*** Extracted information

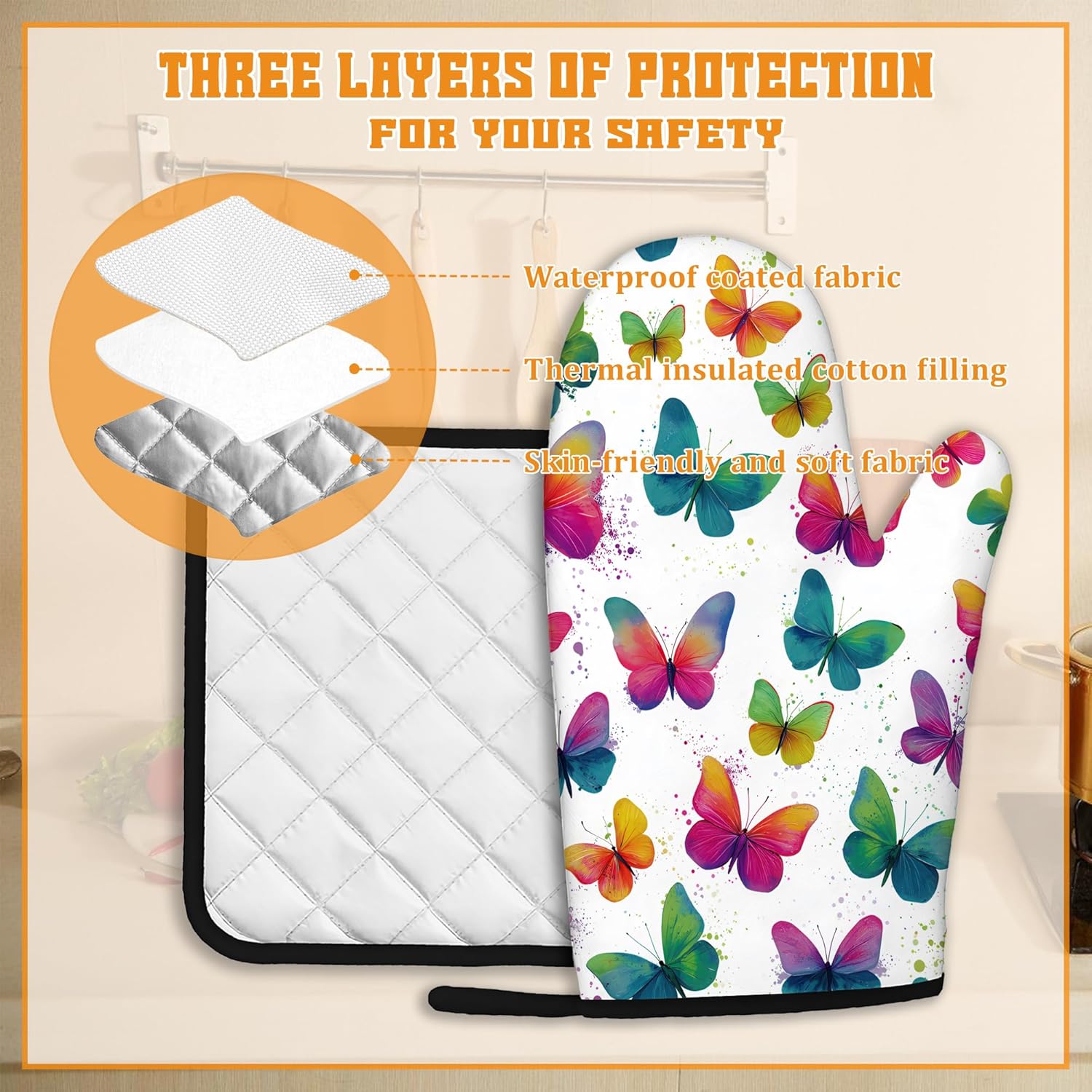 Colorful Butterfly Oven Mitts and Pot Holders,Heat Resistant Oven Mitts Gloves and Pot Holder for Home Kitchen Decorations Cooking Baking BBQ Gifts,Set of 4
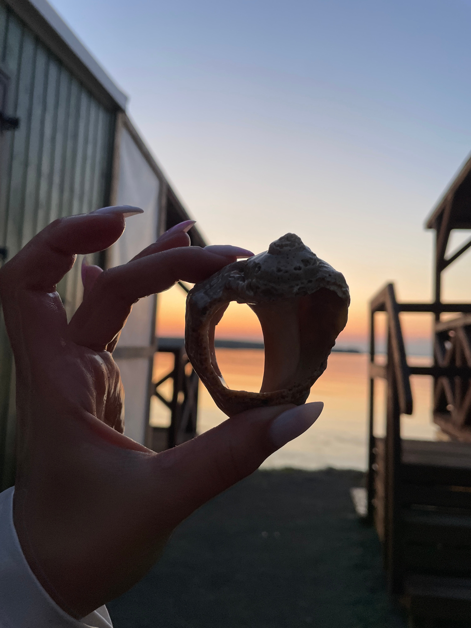 A hand holding a conch shell is in focus, positioned against a sunset-lit background of a body of water, likely a sea or lake, and wooden structures. The shell is a textured, earthy tone with a large…read more
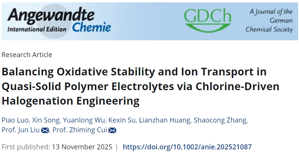 2025年11月13日,华南理工大学崔志明、刘军在国际知名期刊Angewandte Chemie International Edition发表题为《Balancing Oxidative Stability and Ion Transport in Quasi-Solid Polymer Electrolytes via Chlorine-Driven Halogenation Engineering》的研究论文,Piao Luo、Xin Song为论文共同第一作者,崔志明、刘军为论文共同通讯作者。
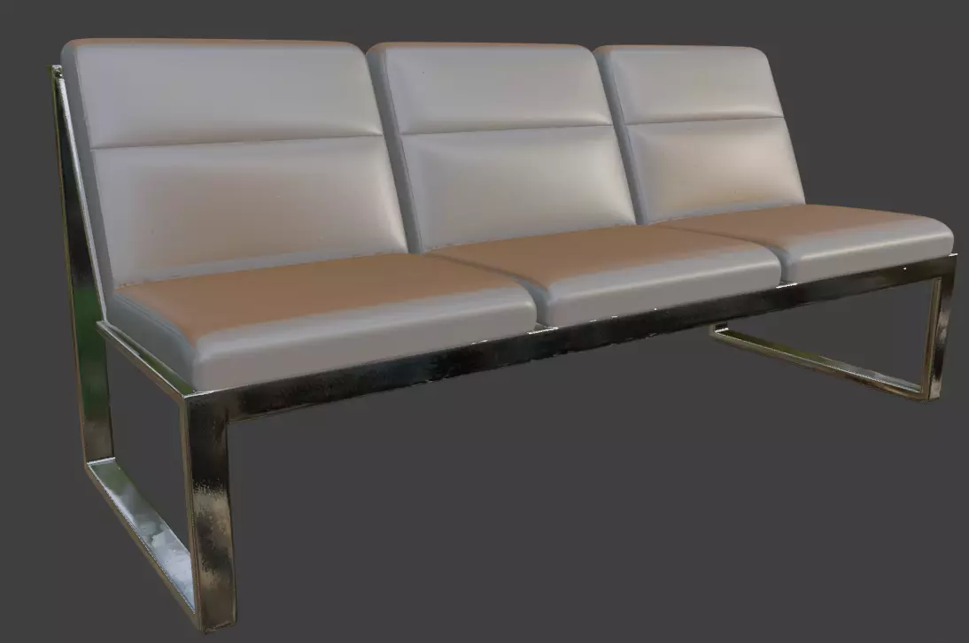 High-quality 3D model of a modern 3-seater airport waiting bench with sleek chrome metal frame and comfortable padded gray upholstery on seats and backrests. This beam-style public seating features sturdy angled legs, armrests, and realistic metallic reflections, ideal for airport terminals, hospital waiting rooms, train stations, office lobbies, clinics, and other public spaces.Perfect for architectural visualization, interior renders, game environments, VR/AR experiences, and urban scenes. The model is optimized with clean topology, UV unwrapped, and PBR materials for high realism while maintaining performance.Key Features:
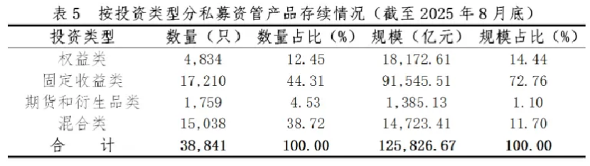 从投资类型看,固定收益类产品存续数量和规模均占据4类产品最大比例。截至月底,固定收益类产品共计17210只,对应占比44.31%;资管总规模9.15万亿元,对应占比72.76%,显示出固定收益类产品在私募资管市场中的主导地位。
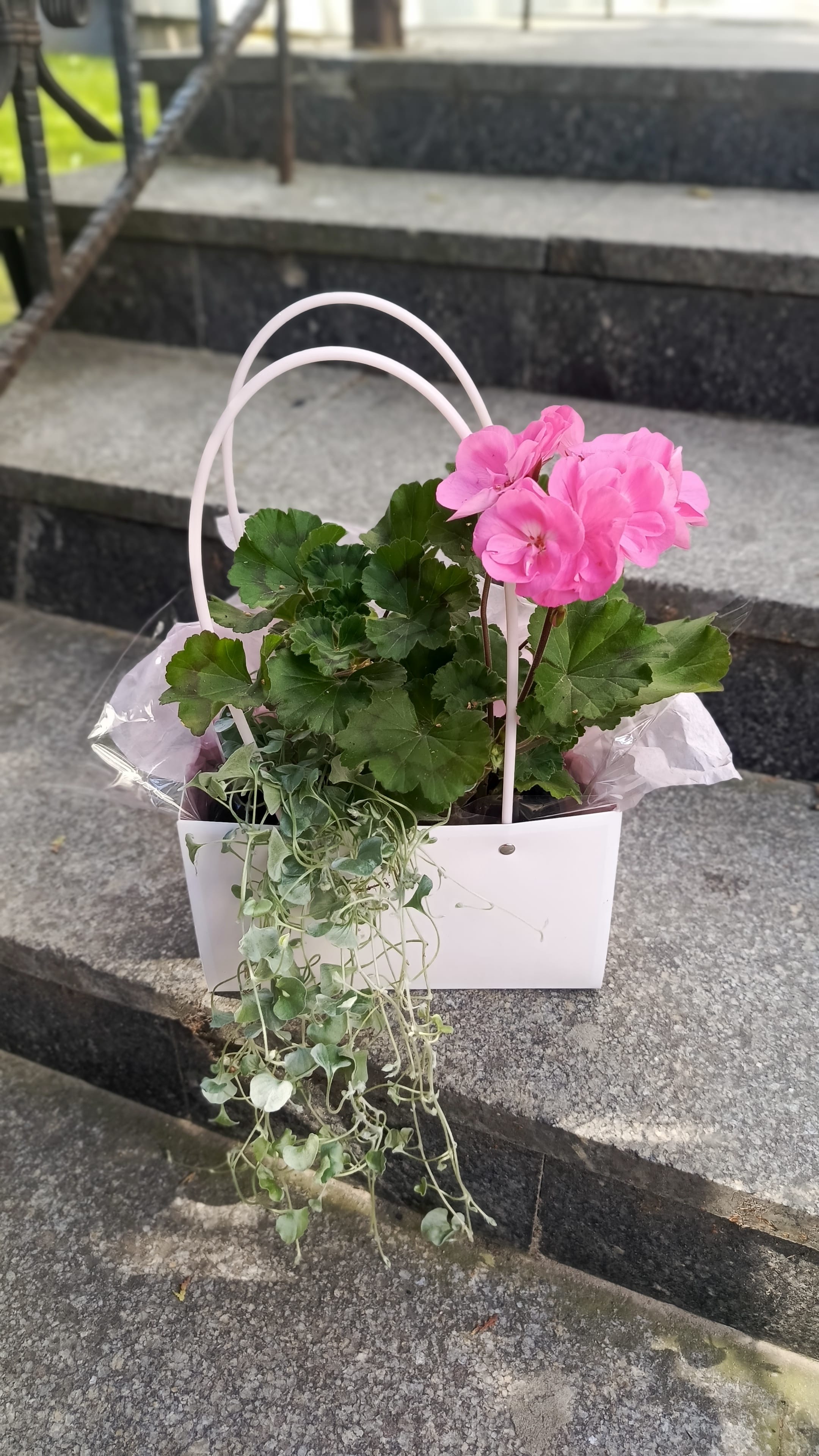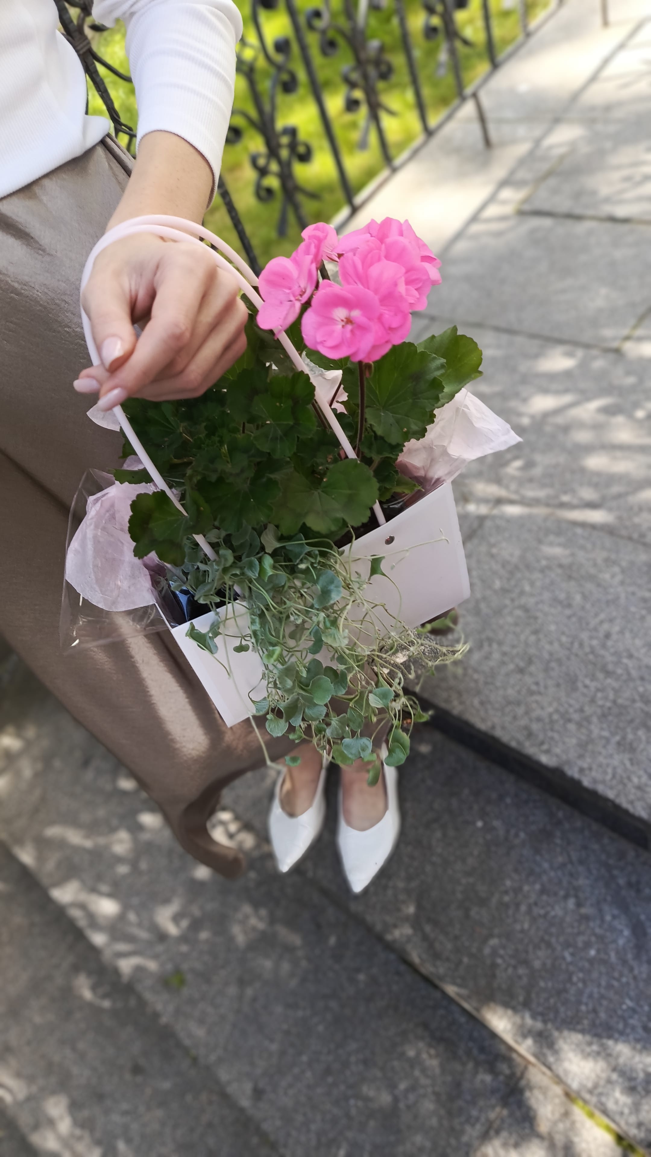 Пеларгония в сумочке - живой букет на 1 сентября.
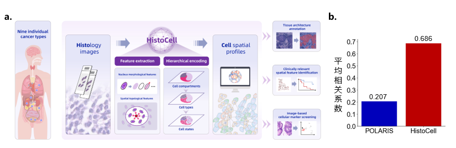 图2.HistoCell算法框架(a)及其对肿瘤病理影像相关细胞类型信息的预测精度(b)
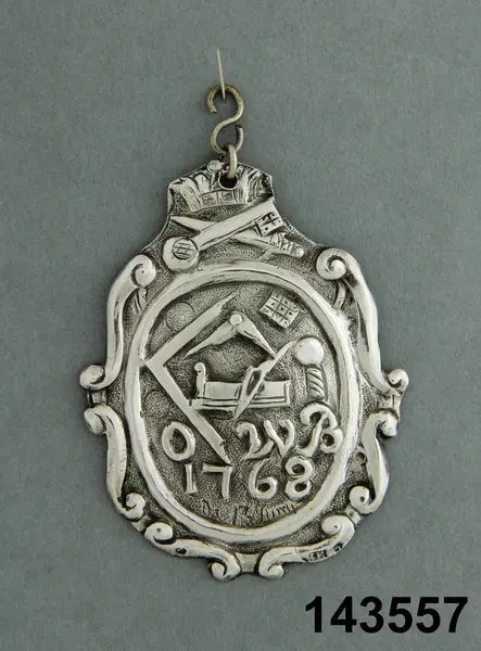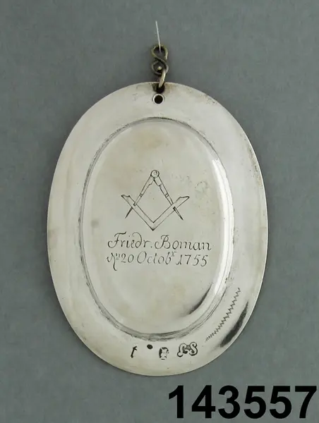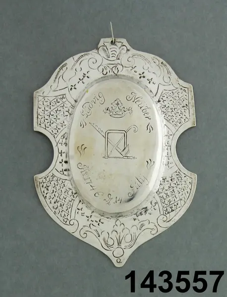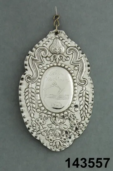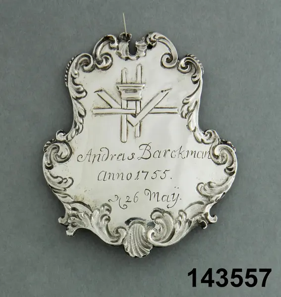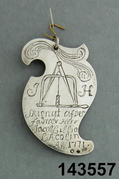 "Välkomma med trycklock, av tenn, med 6 skyltar och 5 mynt av silver. Tillhört snickarämbetet i Stockholm. dat. 1786.
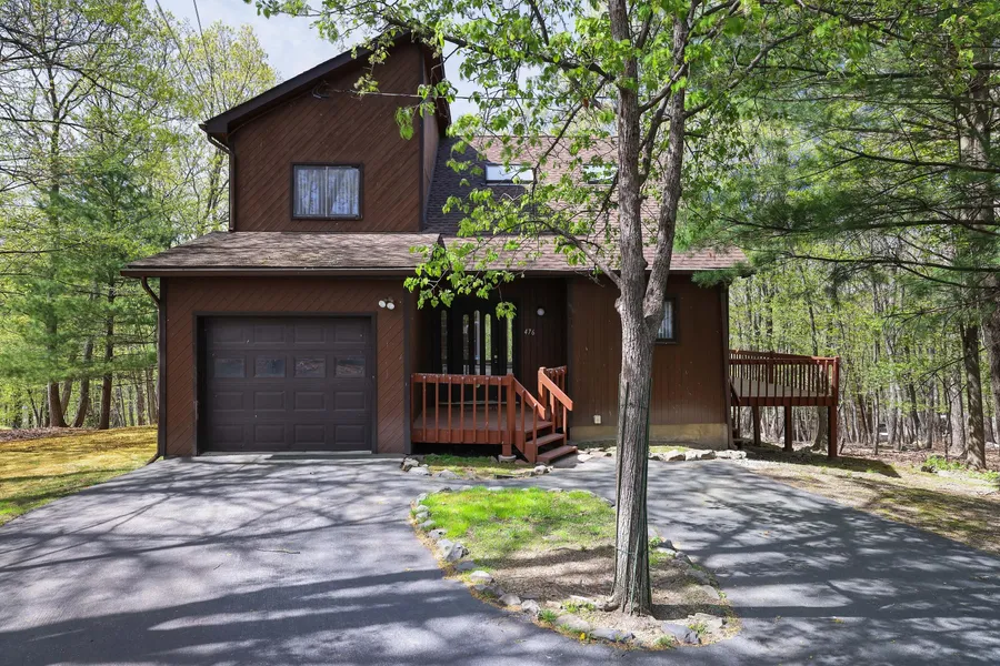The true gem of this property is the expansive outdoor deck, where you can savor morning coffee or host summer barbecues surrounded by nature's tranquility. The wooded lot offers privacy and a front-row seat to the beauty of the Poconos.

******

Retype all of the entries exactly as written, leaving out any images.

Solved exercise >>
 Colorful Butterfly Oven Mitts and Pot Holders,Heat Resistant Oven Mitts Gloves and Pot Holder for Home Kitchen Decorations Cooking Baking BBQ Gifts,Set of 4
 A hand holding a conch shell is in focus, positioned against a sunset-lit background of a body of water, likely a sea or lake, and wooden structures. The shell is a textured, earthy tone with a large…read more
 2025年11月13日,华南理工大学崔志明、刘军在国际知名期刊Angewandte Chemie International Edition发表题为《Balancing Oxidative Stability and Ion Transport in Quasi-Solid Polymer Electrolytes via Chlorine-Driven Halogenation Engineering》的研究论文,Piao Luo、Xin Song为论文共同第一作者,崔志明、刘军为论文共同通讯作者。
 High-quality 3D model of a modern 3-seater airport waiting bench with sleek chrome metal frame and comfortable padded gray upholstery on seats and backrests. This beam-style public seating features sturdy angled legs, armrests, and realistic metallic reflections, ideal for airport terminals, hospital waiting rooms, train stations, office lobbies, clinics, and other public spaces.Perfect for architectural visualization, interior renders, game environments, VR/AR experiences, and urban scenes. The model is optimized with clean topology, UV unwrapped, and PBR materials for high realism while maintaining performance.Key Features:
 从投资类型看,固定收益类产品存续数量和规模均占据4类产品最大比例。截至月底,固定收益类产品共计17210只,对应占比44.31%;资管总规模9.15万亿元,对应占比72.76%,显示出固定收益类产品在私募资管市场中的主导地位。
 Пеларгония в сумочке - живой букет на 1 сентября.
 图2.HistoCell算法框架(a)及其对肿瘤病理影像相关细胞类型信息的预测精度(b)
 "Välkomma med trycklock, av tenn, med 6 skyltar och 5 mynt av silver. Tillhört snickarämbetet i Stockholm. dat. 1786.
The true gem of this property is the expansive outdoor deck, where you can savor morning coffee or host summer barbecues surrounded by nature's tranquility. The wooded lot offers privacy and a front-row seat to the beauty of the Poconos.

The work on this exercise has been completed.